Такова была резкая речь Нафты. Присутствующие молчали. Молодые люди взглянули на Сеттембрини. Ему надлежало как-то на это ответить. Он сказал:

– Поразительно! Признаюсь, я потрясен. Этого я никак не ожидал. Roma locuta.[56] И как, как высказался! На наших глазах господин Нафта совершил священное сальто-мортале, – и если в эпитете содержится противоречие, то он его «временно снял», да, да! Повторяю: это поразительно. Считаете ли вы здесь возможными какие-то возражения, профессор, – возражения чисто логического порядка? Только что вы в поте лица трудились, растолковывая нам сущность христианского индивидуализма, основанного на дуализме бога и мира, и доказывали нам его неоспоримое превосходство над всякой нравственностью, определяемой политикой. А несколько минут спустя вы доводите социализм до диктатуры и террора. Ну, сообразно ли это?

– Противоречия, – сказал Нафта, – могут быть и сообразными. Несообразно лишь половинчатое и посредственное. Ваш индивидуализм, как я уже позволил себе заметить, есть половинчатость, уступка. Он приправляет вашу языческую гражданскую добродетель чуточкой христианства, чуточкой «прав человека», чуточкой так называемой свободы, вот и все.
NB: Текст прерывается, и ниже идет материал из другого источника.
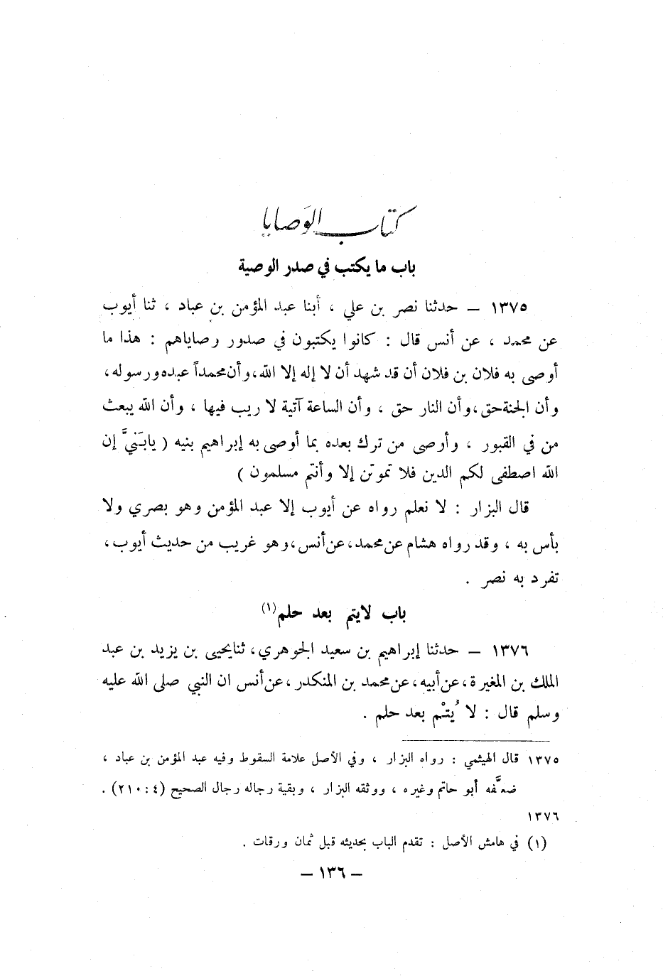 1375 - حَدَّثَنَا نَصْرُ بْنُ عَلِيٍّ، أبنا عَبْدُ الْمُؤْمِنِ بْنُ عَبَّادٍ، ثنا أَيُّوبُ بْنُ مُحَمَّدٍ، عَنْ أنَسٍ، قَالَ: كَانُوا يَكْتُبُونَ فِي صُدُورِ وَصَايَاهُمْ: هَذَا مَا أَوْصَى بِهِ فُلانُ بْنُ فُلانٍ أَنْ قَدْ شَهِدَ أَنْ لا إِلَهَ إِلا اللَّهُ، وَأَنَّ مُحَمَّدًا عَبْدُهُ وَرَسُولُهُ، وَأَنَّ الْجَنَّةَ حَقٌّ، وَأَنَّ النَّارَ حَقٌّ، وَأَنَّ السَّاعَةَ آتِيَةٌ لا رَيْبَ فِيهَا، وَأَنَّ اللَّهَ يَبْعَثُ مَنْ فِي الْقُبُورِ، وَأَوْصَى مَنْ تَرَكَ بَعْدَهُ بِمَا أَوْصَى بِهِ إِبْرَاهِيمُ بَنِيهِ: {يَا بَنِيَّ إِنَّ اللَّهَ اصْطَفَى لَكُمُ الدِّينَ فَلا تَمُوتُنَّ إِلا وَأَنْتُمْ مُسْلِمُونَ} [البقرة: 132] .

Индивидуализм же, исходящий из космической, астрологической значимости каждой души, индивидуализм не социальный, а религиозный, который усматривает человечность не в противоречии «я» и «общества», а в противоречии «я» и бога, тела и духа, – такой истинный индивидуализм прекрасно уживается с обязательствами, налагаемыми коллективом…

– Безымянный и коллективный, – произнес Ганс Касторп.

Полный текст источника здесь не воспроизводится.